**What is needed:** Return the listing exactly as it appears, but strip out the images.

**The data:**
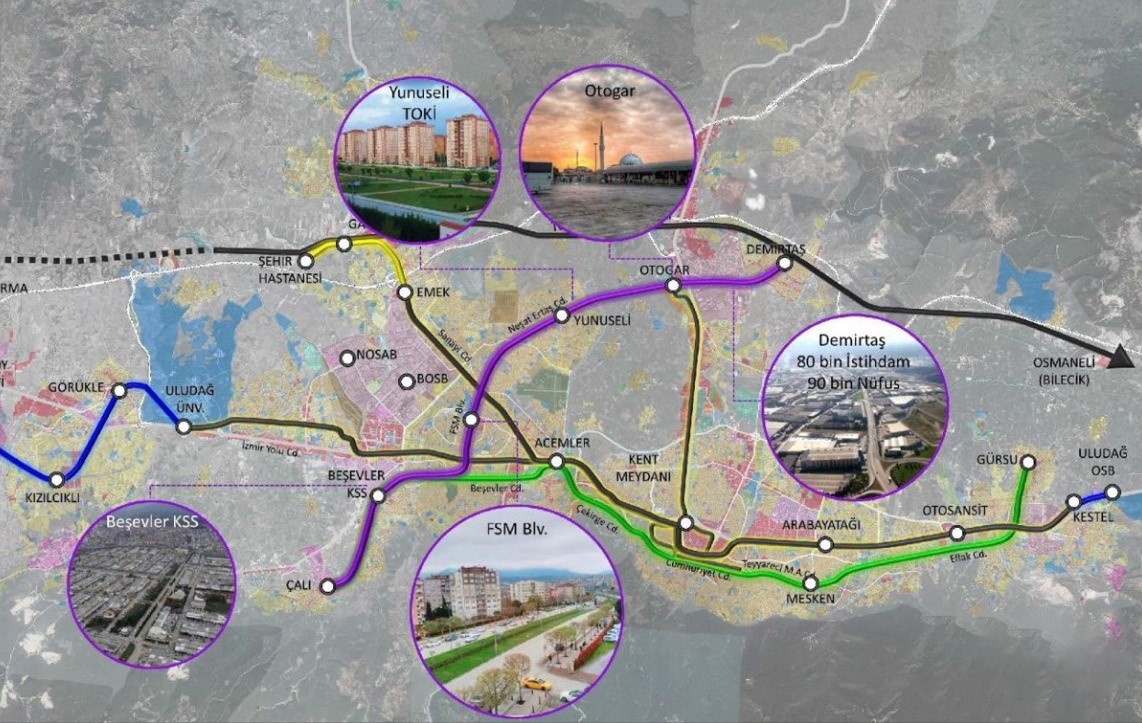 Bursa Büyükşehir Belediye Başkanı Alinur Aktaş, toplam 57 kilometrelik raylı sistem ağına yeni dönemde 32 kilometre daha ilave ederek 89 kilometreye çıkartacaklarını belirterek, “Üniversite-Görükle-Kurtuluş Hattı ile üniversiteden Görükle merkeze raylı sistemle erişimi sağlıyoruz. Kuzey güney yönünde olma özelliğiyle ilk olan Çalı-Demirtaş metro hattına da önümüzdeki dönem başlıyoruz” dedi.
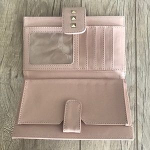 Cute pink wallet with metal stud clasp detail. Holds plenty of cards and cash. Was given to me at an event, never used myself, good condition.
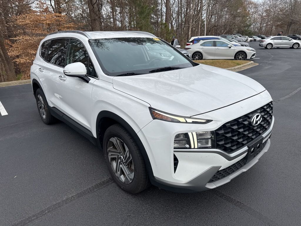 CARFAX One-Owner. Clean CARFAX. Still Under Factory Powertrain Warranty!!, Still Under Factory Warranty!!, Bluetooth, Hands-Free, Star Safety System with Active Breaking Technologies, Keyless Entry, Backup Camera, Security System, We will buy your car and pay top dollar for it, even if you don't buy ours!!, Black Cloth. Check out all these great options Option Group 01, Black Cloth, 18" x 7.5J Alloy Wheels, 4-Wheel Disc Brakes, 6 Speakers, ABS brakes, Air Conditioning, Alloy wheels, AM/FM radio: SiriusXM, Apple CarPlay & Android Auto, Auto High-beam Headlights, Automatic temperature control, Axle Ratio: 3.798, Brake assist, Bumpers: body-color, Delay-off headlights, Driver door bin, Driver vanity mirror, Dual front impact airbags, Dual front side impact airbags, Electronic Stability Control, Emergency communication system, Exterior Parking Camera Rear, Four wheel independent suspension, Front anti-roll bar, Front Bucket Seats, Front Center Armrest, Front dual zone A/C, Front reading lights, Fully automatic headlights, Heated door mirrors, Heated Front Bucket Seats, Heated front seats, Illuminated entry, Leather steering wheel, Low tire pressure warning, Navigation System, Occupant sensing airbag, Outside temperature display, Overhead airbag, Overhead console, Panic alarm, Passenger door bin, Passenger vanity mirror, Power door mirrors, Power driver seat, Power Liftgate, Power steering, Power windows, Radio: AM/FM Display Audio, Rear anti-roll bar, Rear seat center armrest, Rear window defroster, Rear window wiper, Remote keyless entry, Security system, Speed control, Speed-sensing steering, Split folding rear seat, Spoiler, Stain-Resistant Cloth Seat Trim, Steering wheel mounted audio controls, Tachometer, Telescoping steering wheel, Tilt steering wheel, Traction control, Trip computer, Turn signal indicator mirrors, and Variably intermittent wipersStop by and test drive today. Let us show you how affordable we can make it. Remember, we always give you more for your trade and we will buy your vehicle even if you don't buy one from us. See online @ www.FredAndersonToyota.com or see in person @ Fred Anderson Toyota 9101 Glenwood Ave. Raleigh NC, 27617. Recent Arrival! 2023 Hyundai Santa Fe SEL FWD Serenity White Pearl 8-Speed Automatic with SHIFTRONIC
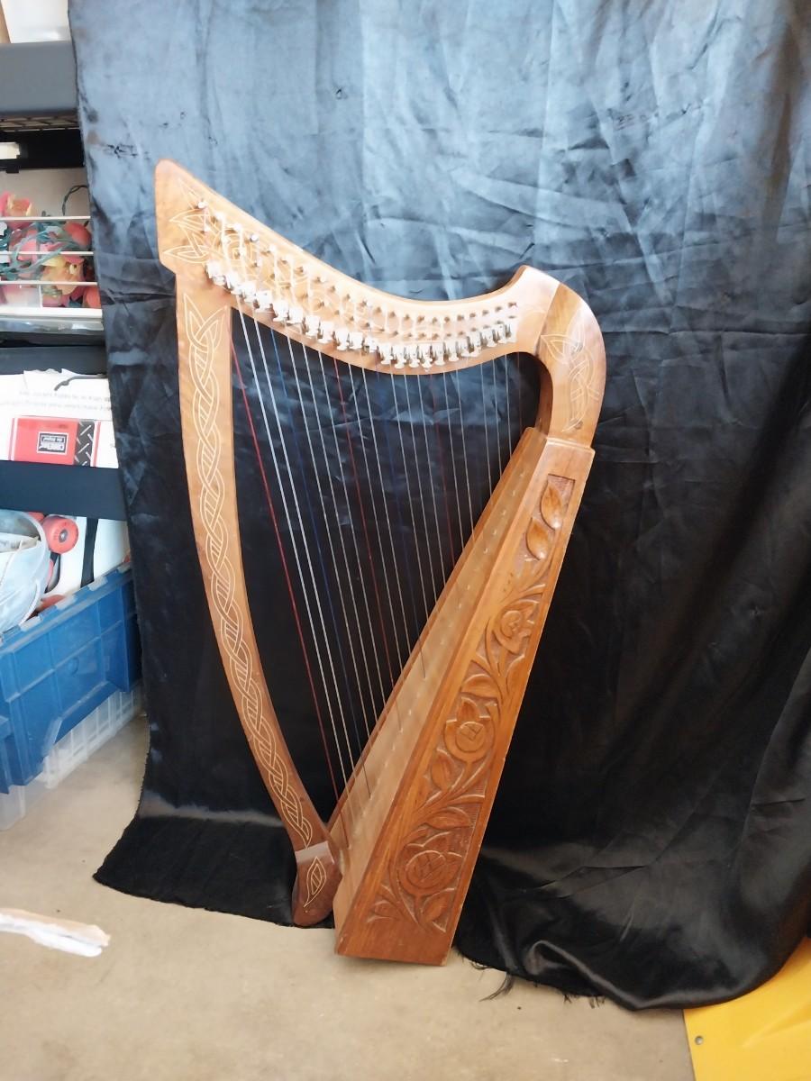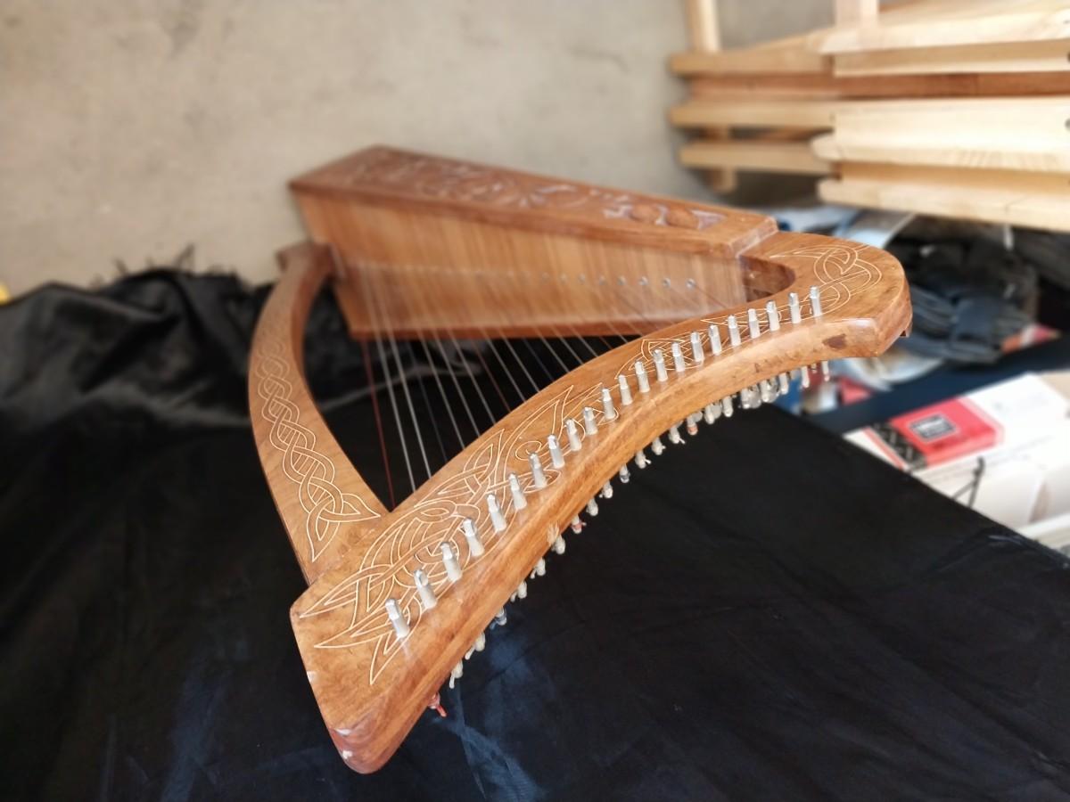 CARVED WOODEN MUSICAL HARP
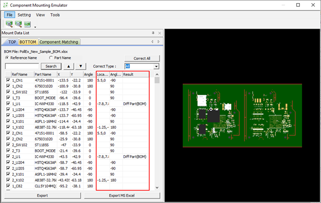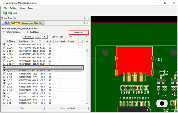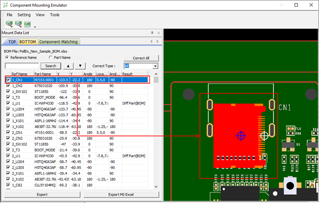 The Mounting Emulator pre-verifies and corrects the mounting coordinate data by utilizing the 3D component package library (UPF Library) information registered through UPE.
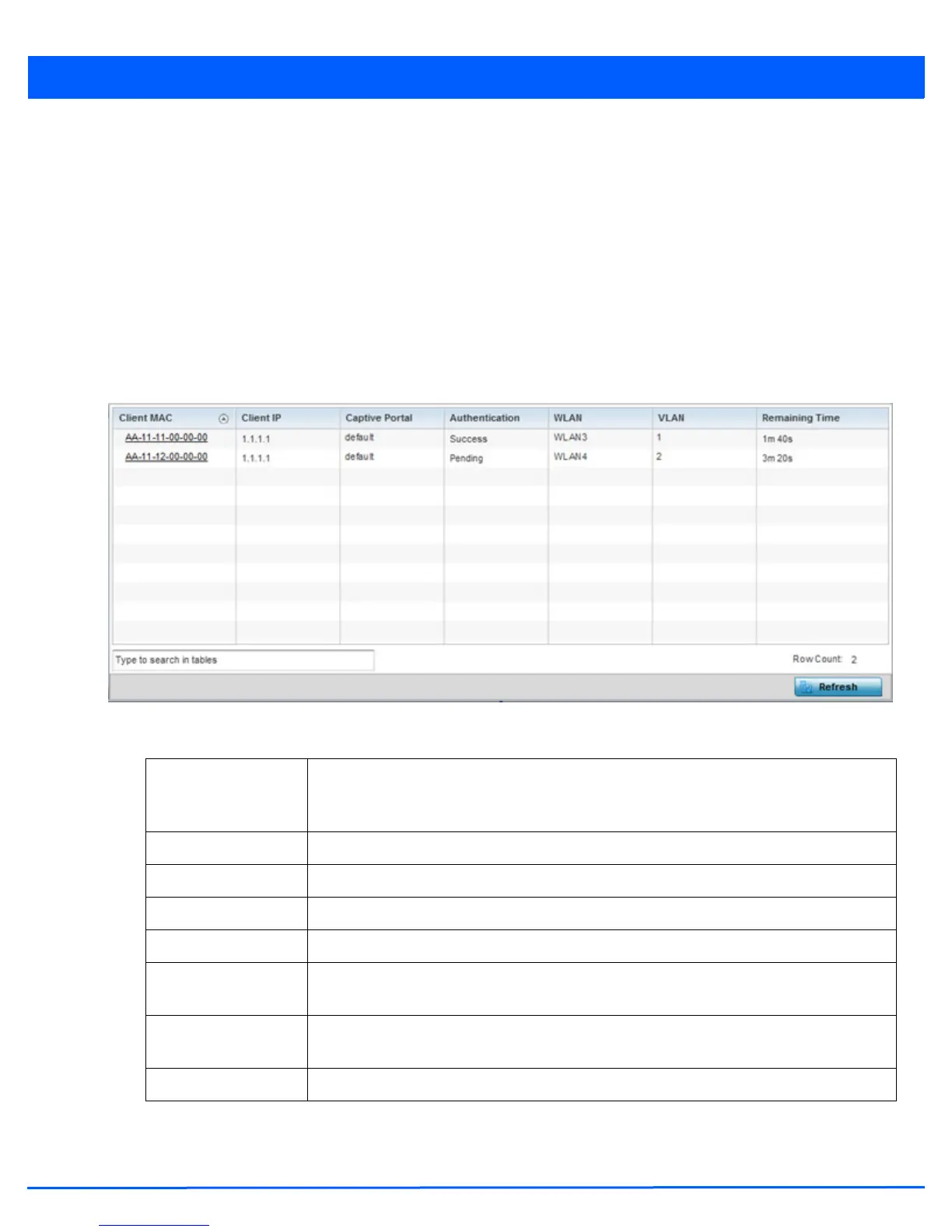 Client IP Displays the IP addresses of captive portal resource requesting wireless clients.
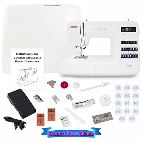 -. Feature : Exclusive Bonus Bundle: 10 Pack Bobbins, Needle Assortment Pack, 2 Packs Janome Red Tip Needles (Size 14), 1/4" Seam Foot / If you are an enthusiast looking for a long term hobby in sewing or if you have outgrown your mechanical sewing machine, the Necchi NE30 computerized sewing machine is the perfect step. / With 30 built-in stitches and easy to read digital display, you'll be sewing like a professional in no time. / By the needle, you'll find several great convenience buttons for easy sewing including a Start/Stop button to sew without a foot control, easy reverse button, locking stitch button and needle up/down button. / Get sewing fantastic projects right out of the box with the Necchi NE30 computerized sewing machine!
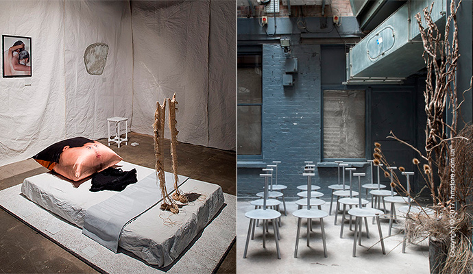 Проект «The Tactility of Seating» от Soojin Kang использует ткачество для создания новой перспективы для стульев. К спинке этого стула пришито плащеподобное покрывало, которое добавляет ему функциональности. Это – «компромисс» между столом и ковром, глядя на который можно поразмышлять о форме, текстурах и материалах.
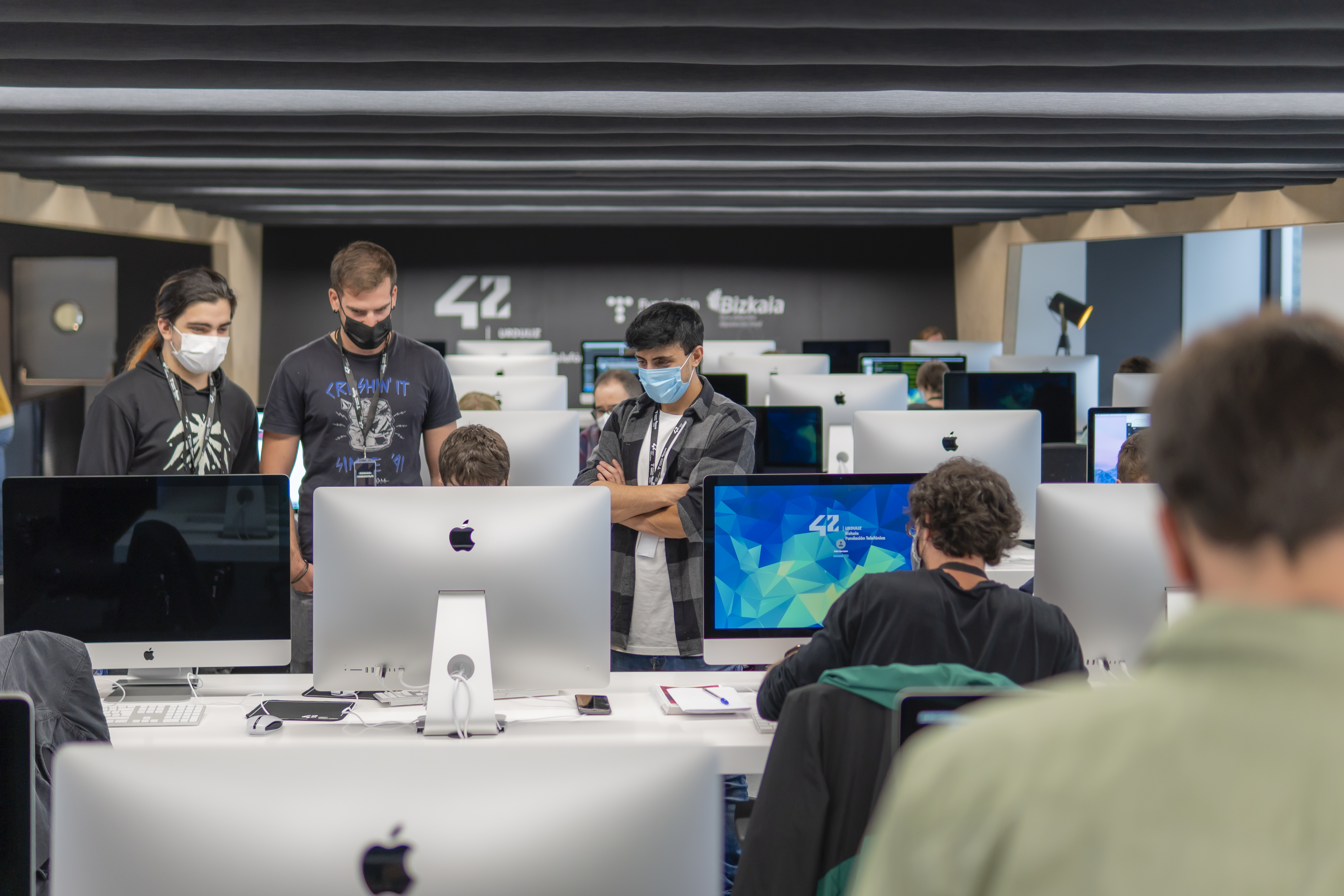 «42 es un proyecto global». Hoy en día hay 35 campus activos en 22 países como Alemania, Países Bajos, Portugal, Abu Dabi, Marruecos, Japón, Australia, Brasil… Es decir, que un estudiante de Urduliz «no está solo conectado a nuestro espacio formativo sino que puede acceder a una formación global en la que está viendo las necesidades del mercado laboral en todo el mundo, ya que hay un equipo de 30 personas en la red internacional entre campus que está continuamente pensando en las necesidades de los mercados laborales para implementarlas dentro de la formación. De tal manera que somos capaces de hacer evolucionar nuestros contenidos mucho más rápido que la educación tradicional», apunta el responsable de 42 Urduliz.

**Finished exercise:**
 Bursa Büyükşehir Belediye Başkanı Alinur Aktaş, toplam 57 kilometrelik raylı sistem ağına yeni dönemde 32 kilometre daha ilave ederek 89 kilometreye çıkartacaklarını belirterek, “Üniversite-Görükle-Kurtuluş Hattı ile üniversiteden Görükle merkeze raylı sistemle erişimi sağlıyoruz. Kuzey güney yönünde olma özelliğiyle ilk olan Çalı-Demirtaş metro hattına da önümüzdeki dönem başlıyoruz” dedi.
 Cute pink wallet with metal stud clasp detail. Holds plenty of cards and cash. Was given to me at an event, never used myself, good condition.
 CARFAX One-Owner. Clean CARFAX. Still Under Factory Powertrain Warranty!!, Still Under Factory Warranty!!, Bluetooth, Hands-Free, Star Safety System with Active Breaking Technologies, Keyless Entry, Backup Camera, Security System, We will buy your car and pay top dollar for it, even if you don't buy ours!!, Black Cloth. Check out all these great options Option Group 01, Black Cloth, 18" x 7.5J Alloy Wheels, 4-Wheel Disc Brakes, 6 Speakers, ABS brakes, Air Conditioning, Alloy wheels, AM/FM radio: SiriusXM, Apple CarPlay & Android Auto, Auto High-beam Headlights, Automatic temperature control, Axle Ratio: 3.798, Brake assist, Bumpers: body-color, Delay-off headlights, Driver door bin, Driver vanity mirror, Dual front impact airbags, Dual front side impact airbags, Electronic Stability Control, Emergency communication system, Exterior Parking Camera Rear, Four wheel independent suspension, Front anti-roll bar, Front Bucket Seats, Front Center Armrest, Front dual zone A/C, Front reading lights, Fully automatic headlights, Heated door mirrors, Heated Front Bucket Seats, Heated front seats, Illuminated entry, Leather steering wheel, Low tire pressure warning, Navigation System, Occupant sensing airbag, Outside temperature display, Overhead airbag, Overhead console, Panic alarm, Passenger door bin, Passenger vanity mirror, Power door mirrors, Power driver seat, Power Liftgate, Power steering, Power windows, Radio: AM/FM Display Audio, Rear anti-roll bar, Rear seat center armrest, Rear window defroster, Rear window wiper, Remote keyless entry, Security system, Speed control, Speed-sensing steering, Split folding rear seat, Spoiler, Stain-Resistant Cloth Seat Trim, Steering wheel mounted audio controls, Tachometer, Telescoping steering wheel, Tilt steering wheel, Traction control, Trip computer, Turn signal indicator mirrors, and Variably intermittent wipersStop by and test drive today. Let us show you how affordable we can make it. Remember, we always give you more for your trade and we will buy your vehicle even if you don't buy one from us. See online @ www.FredAndersonToyota.com or see in person @ Fred Anderson Toyota 9101 Glenwood Ave. Raleigh NC, 27617. Recent Arrival! 2023 Hyundai Santa Fe SEL FWD Serenity White Pearl 8-Speed Automatic with SHIFTRONIC
 CARVED WOODEN MUSICAL HARP
 The Mounting Emulator pre-verifies and corrects the mounting coordinate data by utilizing the 3D component package library (UPF Library) information registered through UPE.
 Client IP Displays the IP addresses of captive portal resource requesting wireless clients.
 -. Feature : Exclusive Bonus Bundle: 10 Pack Bobbins, Needle Assortment Pack, 2 Packs Janome Red Tip Needles (Size 14), 1/4" Seam Foot / If you are an enthusiast looking for a long term hobby in sewing or if you have outgrown your mechanical sewing machine, the Necchi NE30 computerized sewing machine is the perfect step. / With 30 built-in stitches and easy to read digital display, you'll be sewing like a professional in no time. / By the needle, you'll find several great convenience buttons for easy sewing including a Start/Stop button to sew without a foot control, easy reverse button, locking stitch button and needle up/down button. / Get sewing fantastic projects right out of the box with the Necchi NE30 computerized sewing machine!
 Проект «The Tactility of Seating» от Soojin Kang использует ткачество для создания новой перспективы для стульев. К спинке этого стула пришито плащеподобное покрывало, которое добавляет ему функциональности. Это – «компромисс» между столом и ковром, глядя на который можно поразмышлять о форме, текстурах и материалах.
 «42 es un proyecto global». Hoy en día hay 35 campus activos en 22 países como Alemania, Países Bajos, Portugal, Abu Dabi, Marruecos, Japón, Australia, Brasil… Es decir, que un estudiante de Urduliz «no está solo conectado a nuestro espacio formativo sino que puede acceder a una formación global en la que está viendo las necesidades del mercado laboral en todo el mundo, ya que hay un equipo de 30 personas en la red internacional entre campus que está continuamente pensando en las necesidades de los mercados laborales para implementarlas dentro de la formación. De tal manera que somos capaces de hacer evolucionar nuestros contenidos mucho más rápido que la educación tradicional», apunta el responsable de 42 Urduliz.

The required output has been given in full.